Trump endorsed Oz out of a perception that the choice was between him and hedge-fund multi-millionaire David McCormick. McCormick, the former CEO of Bridgewater Associates, aggressively courted Trump. He was denied the nod due to his glaring globalist resume. Among other things, Bridgewater manages state funds for the bloody communist regime in China.

GettyImages-1240736269 Kathy Barnette

Kathy Barnette (Photo by Caroline Gutman/Getty Images)

There was a third option in populist outsider candidate Kathy Barnette, and she surged in the closing days of the race. But while Trump rejected her with praise, Hannity ruthlessly attacked in defense of Oz. He even resorted to using the Democrat theme of Jan. 6 as an “insurrection” as a weapon against her.

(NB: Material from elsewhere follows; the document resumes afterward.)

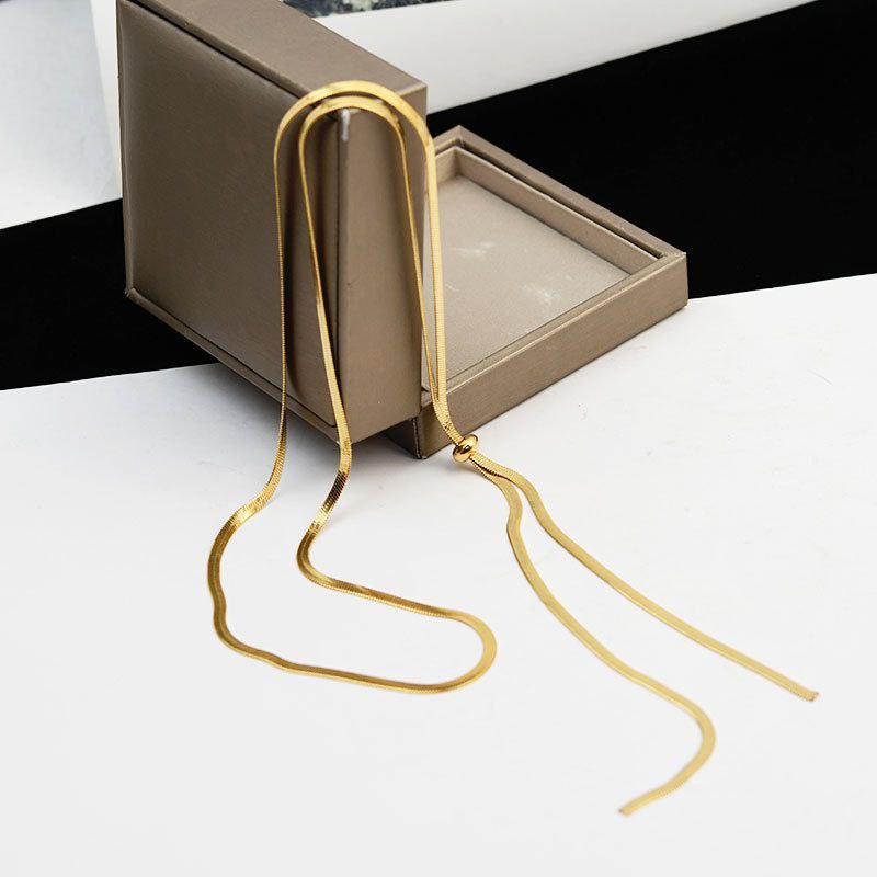 + Free ShippingElegant long stainless steel necklace for versatile styling.

“Look at your screen. Here is Barnette marching alongside – this just broke today – radical Proud Boys during January 6,” Hannity told Fox viewers on May 16, the day before the GOP primary. “She claims she had no idea who they were and that she didn’t breach the Capitol.”

Oz went on to win the primary, edging out McCormick. Barnette finished third. Fast forward some six months, and the man championed by Hannity, Graham, and Cramer could not defeat the weakest candidate by far running in any of the several showcase races seen as crucial to deciding control of Congress.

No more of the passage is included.